= Michael Kvium =

Danish artist (born 1955)

Michael Otto Albert Kvium (born 15 November 1955) is a Danish artist. He has excelled in a number of fields such as painting, illustrating, sculpting and various performance genres. Since the early 1980s, he has created grotesque realistic works, depicting the darker side of life.

==Biography==
Born in Horsens in the east of Jutland, Kvium studied painting at the Royal Danish Academy of Fine Arts under Albert Mertz and Stig Brøgger. His paintings and graphic works often resemble comic strip art or extensions of 17th-century Baroque paintings. They depict the more negative aspects of Western culture. Motifs include grotesque monsters, half man half woman, sometimes approaching self-portraits. In 1981, together with Erik A. Frandsen and Christian Lemmerz, he was one of the cofounders of Værkstedet Værst, a collaborative workshop for performance art.
From the 1980s, his works include virus-like shapes as part of the growth cycles. Works from the 1990s also include bandaged figures depicting paralysis and claustrophobia as can be seen in Kor (1991). Solo exhibitions at ARoS Aarhus Kunstmuseum (2006) and Ordrupgaard (2007) have included large works evoking relationships with the landscape and nature. His works also include videos, comic strips and performances. He has created stage sets in collaboration with Katrine Wiedemann. Together with Christian Lemmerz, in 2000 he created an eight-hour-long silent film titled The Wake inspired by James Joyce's Finnegans Wake.

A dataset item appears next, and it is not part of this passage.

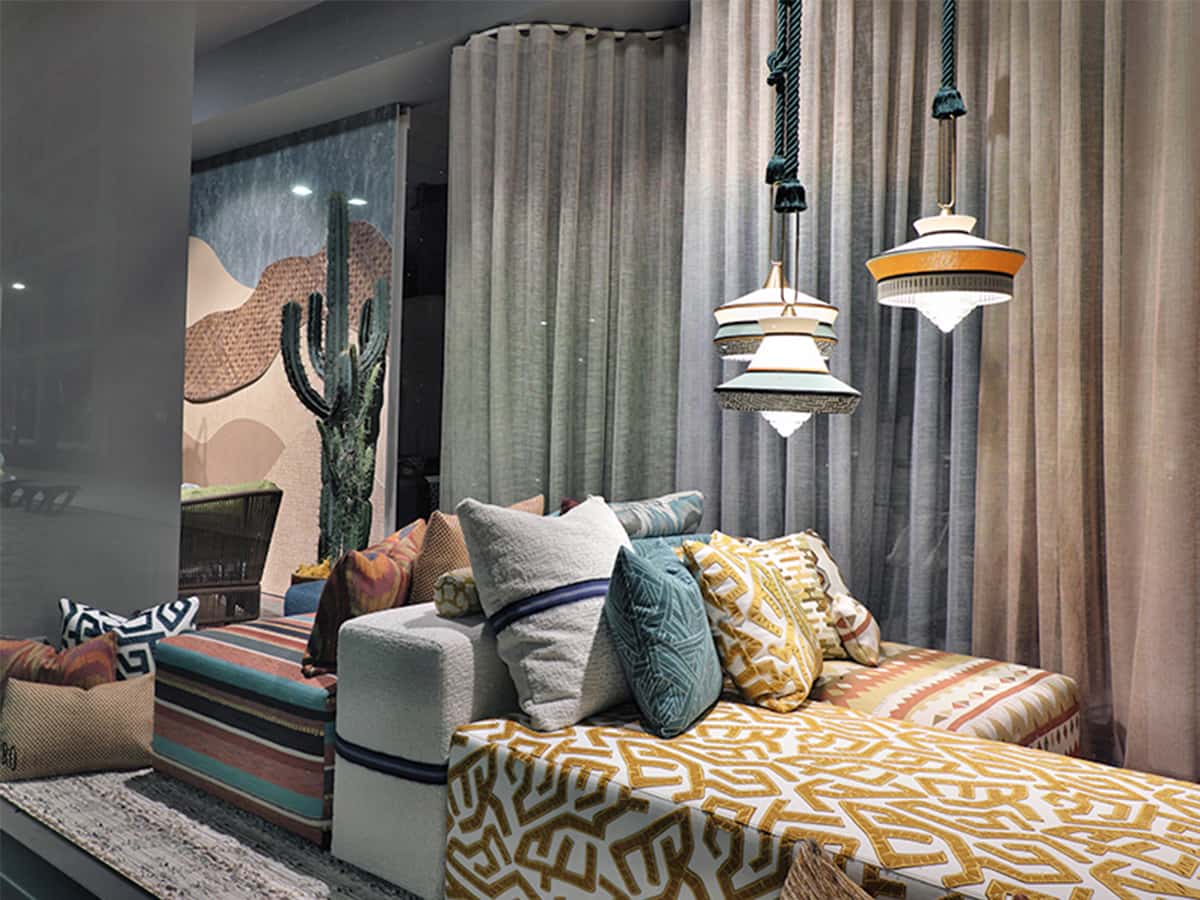 Ampie sedute in tessuto, geometrie leggere e volumi componibili definiscono un sistema flessibile, pronto ad adattarsi a spazi ampi o raccolti con la stessa eleganza.

Kvium's works are included in the collections of many of Denmark's museums and galleries.

==Awards==
In 2001, Kvium was awarded the Eckersberg Medal. In 2010, he was decorated with the Order of the Dannebrog.

==Literature==
- Gottlieb, Lennart (2002). "Michael Kvium: malerier og motiver"
- Michael Kvium: Fools / edited by Erlend Høyersten. - Aarhus, ARoS Aarhus Kunstmuseum, 2014.
- Saligia: Michael Kvium / edited by AnnCatrin Gummesson. - Helsingborg, Dunkers Kulturhus, 2015.
- Michael Kvium: Think Bigger / edited by Vera Westergaard ... [et al.]. - Kolding, Trapholt, 2017.
- Circus Europa: Michael Kvium / edited by Camilla Jalving ... [et al.]. - Ishøj, Arken, 2017.